US 10,890,431 B2
MEMS tunable VCSEL powered swept source OCT for 3D metrology applications
James Jiang, Hackettstown, NJ (US); and Alex Cable, Newton, NJ (US)
Assigned to Thorlabs, Inc., Newton, NJ (US)
Filed by Thorlabs, Inc., Newton, NJ (US)
Filed on Dec. 10, 2019, as Appl. No. 16/709,494.

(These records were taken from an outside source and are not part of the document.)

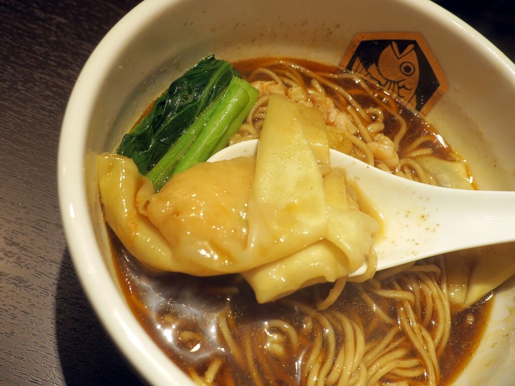 ワンタンはぷりっぷりの海老が丸ごと入り。スープもトッピングもワンタンの具も海老づくしで、エビ好きにはたまりません!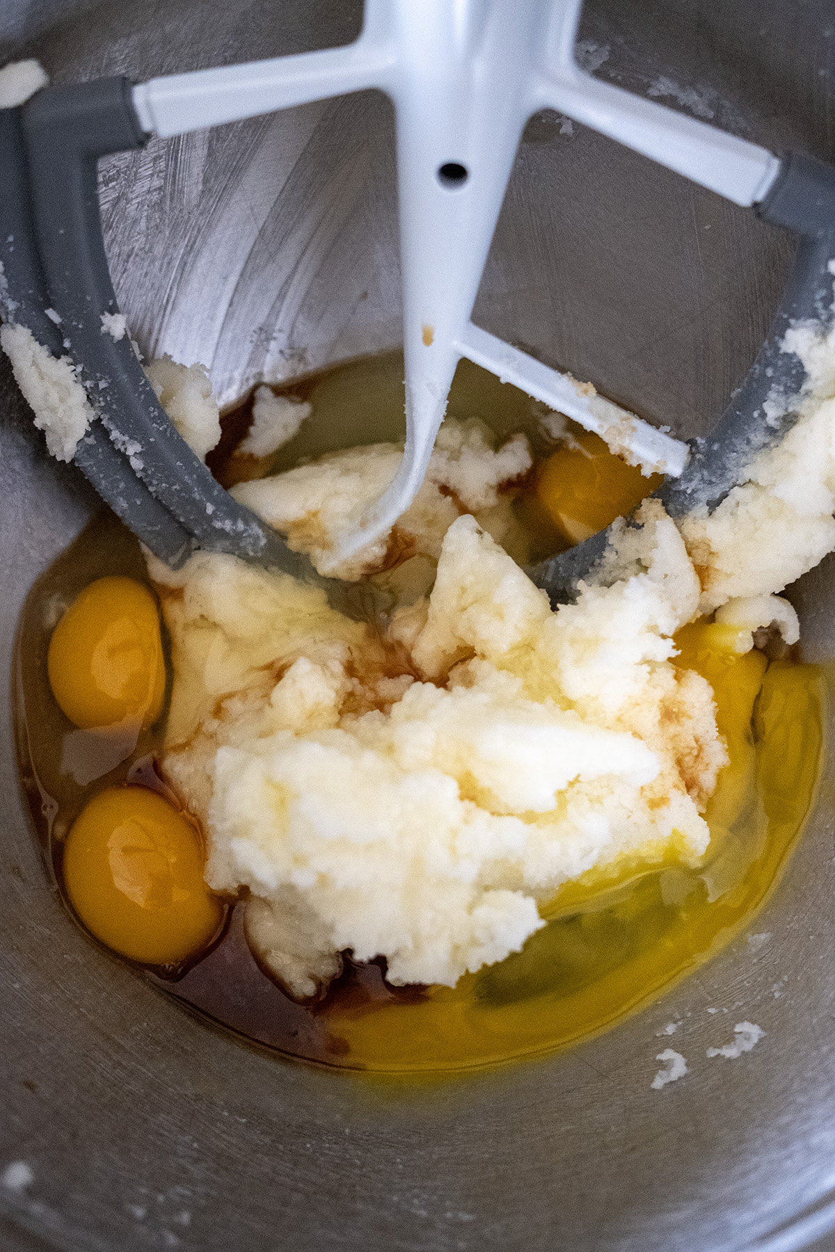• In a large bowl, cream the softened butter and sugar until light and fluffy. Beat in the eggs and vanilla extract.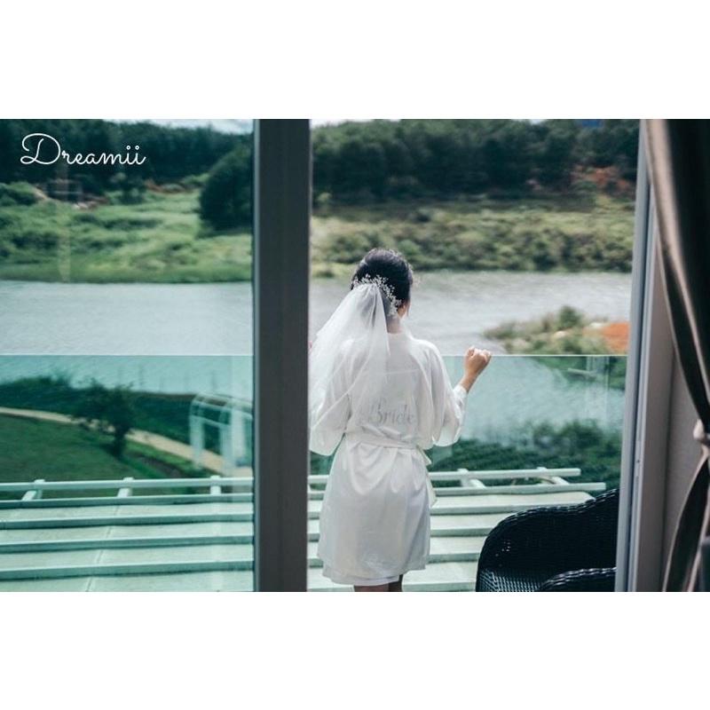 Với thiết kế ngọt ngào, một bộ choàng không thể thiếu trong bộ ảnh của cô dâu với chiếc đai thắt ngang tạo điểm nhấn của bộ đồ ngủ cùng với chữ được thêu cẩn thận ở sau áo.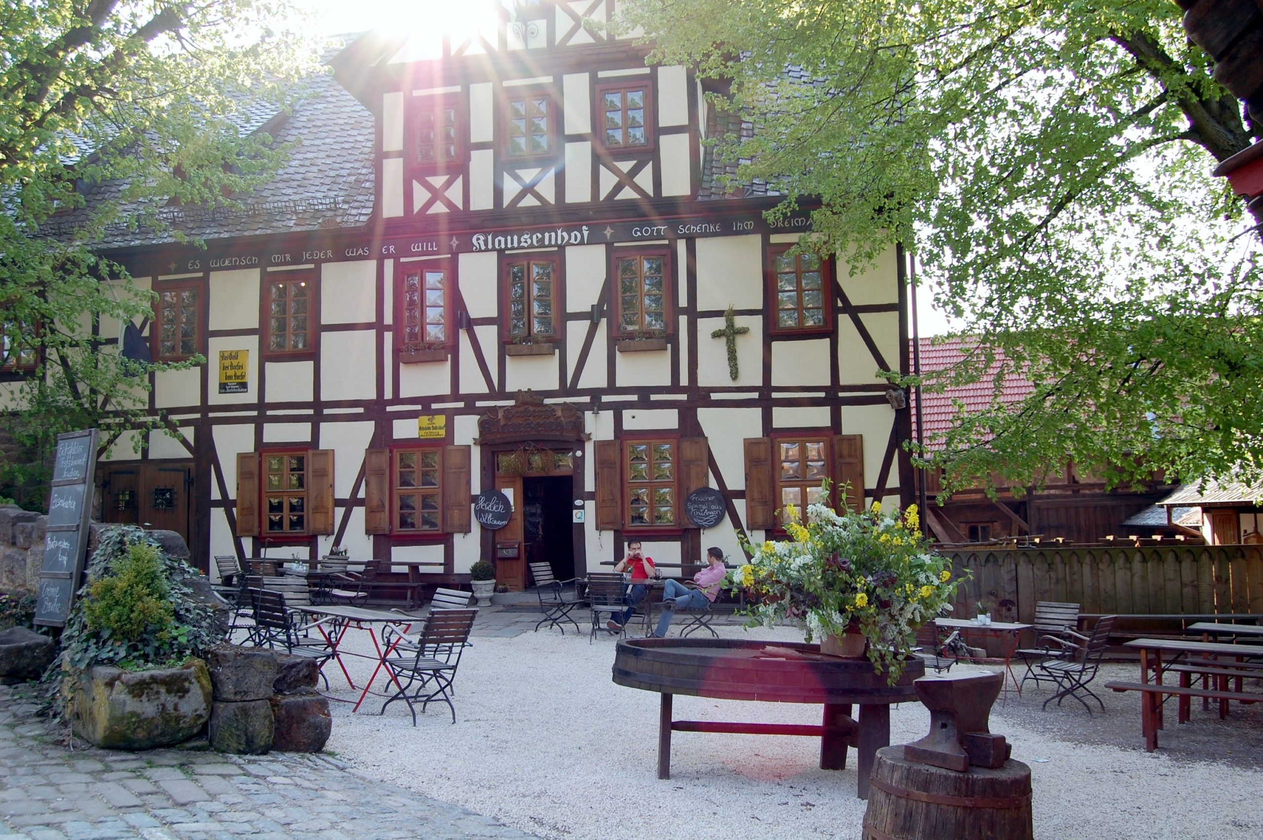 Klausenhof Aussenansicht mit Sonnenstrahl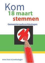 Op woensdag 18 maart zijn de gemeenteraadsverkiezingen. Dan kunt u uw stem uitbrengen voor de nieuwe gemeenteraad. De gemeenteraad bestaat uit inwoners uit Lisse, die besluiten nemen over onderwerpen als afval, verkeer, woningbouw, onderwijs en lokale belastingen. Meer weten? Kijk op www.lisse.nl/verkiezingen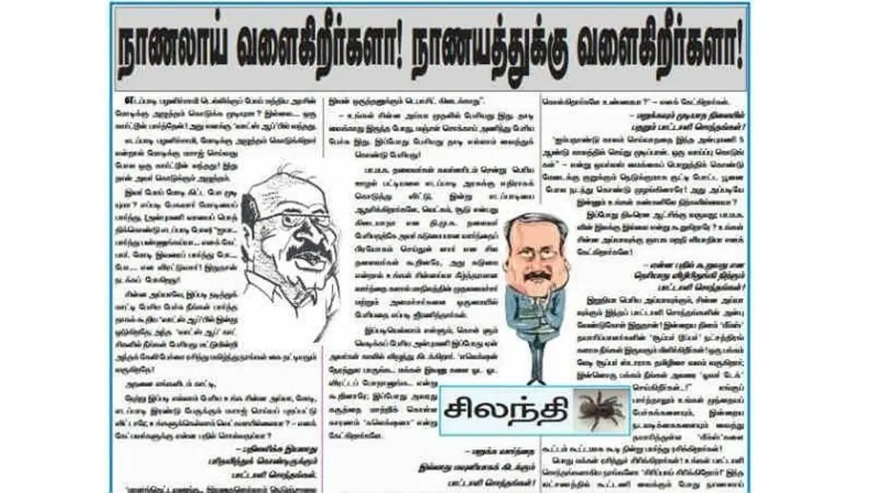 நாடாளுமன்றத் தேர்தலில் அதிமுக- பிஜேபி கூட்டணியில் பாமக இணைந்துள்ளது. இந்த நிலையில் முரசொலி நாளிதழில் நாணலாய் வளைகிறீர்களா! நாணயத்துக்கு வளைகிறீர்களா என்ற தலைப்பில் ஒரு கட்டுரை எழுதப்பட்டிருந்தது. அதில் எடப்பாடி பழனிசாமி மோடிக்கு அழுத்தம் கொடுக்கிறார் என்றால் மோடிக்கு மசாஜ் செய்வது போல என்று ஒரு கார்டூன் வந்தது.

Application 16/709,494 is a division of application No. 15/469,036, filed on Mar. 24, 2017, granted, now 10,557,701.
Claims priority of provisional application 62/313,346, filed on Mar. 25, 2016.
Prior Publication US 2020/0109938 A1, Apr. 9, 2020
Int. Cl. G01B 9/02 (2006.01); G01B 11/00 (2006.01); G01B 11/24 (2006.01); G01B 11/06 (2006.01); H01S 5/022 (2006.01); H01S 5/065 (2006.01); H01S 5/10 (2006.01); H01S 5/183 (2006.01)
CPC G01B 11/005 (2013.01) [G01B 9/02004 (2013.01); G01B 9/02044 (2013.01); G01B 9/02091 (2013.01); G01B 11/007 (2013.01); G01B 11/0608 (2013.01); G01B 11/2441 (2013.01); H01S 5/02284 (2013.01); H01S 5/0651 (2013.01); H01S 5/1042 (2013.01); H01S 5/183 (2013.01)] 8 Claims
OG exemplary drawing
 
1. A coordinate measurement machine comprising:
a surface configured to hold an object to be measured;
a measurement probe configured to move to a known spatial coordinates near the object by a moving mechanism, the measurement probe having re-configurable optics inside;
an optical stylus generated by the reconfigurable optics inside the measurement probe, wherein the optical stylus:
has an adjustable diameter and length;
has an adjustable distance from the optical stylus center to the probe; and
is in optical contact with the object;
an optical coherence tomography (OCT) system configured to measure an optical delay difference between the light from the object and a reference light from a reference position using an optical interference method, to determine a height of the object;
a first control loop configured to control the distance from the optical stylus center to the probe using the object height measured by the OCT system, causing the optical stylus in optical contact with the object; and
a second control loop configured to control the reference position of the reference light, using the object height measured by the OCT system, to change an electronic frequency of the optical interference signals to be within an optimal detection range of the OCT system, and for the OCT system to process the optimized interference fringe signals to determine the height of the object with improved accuracy.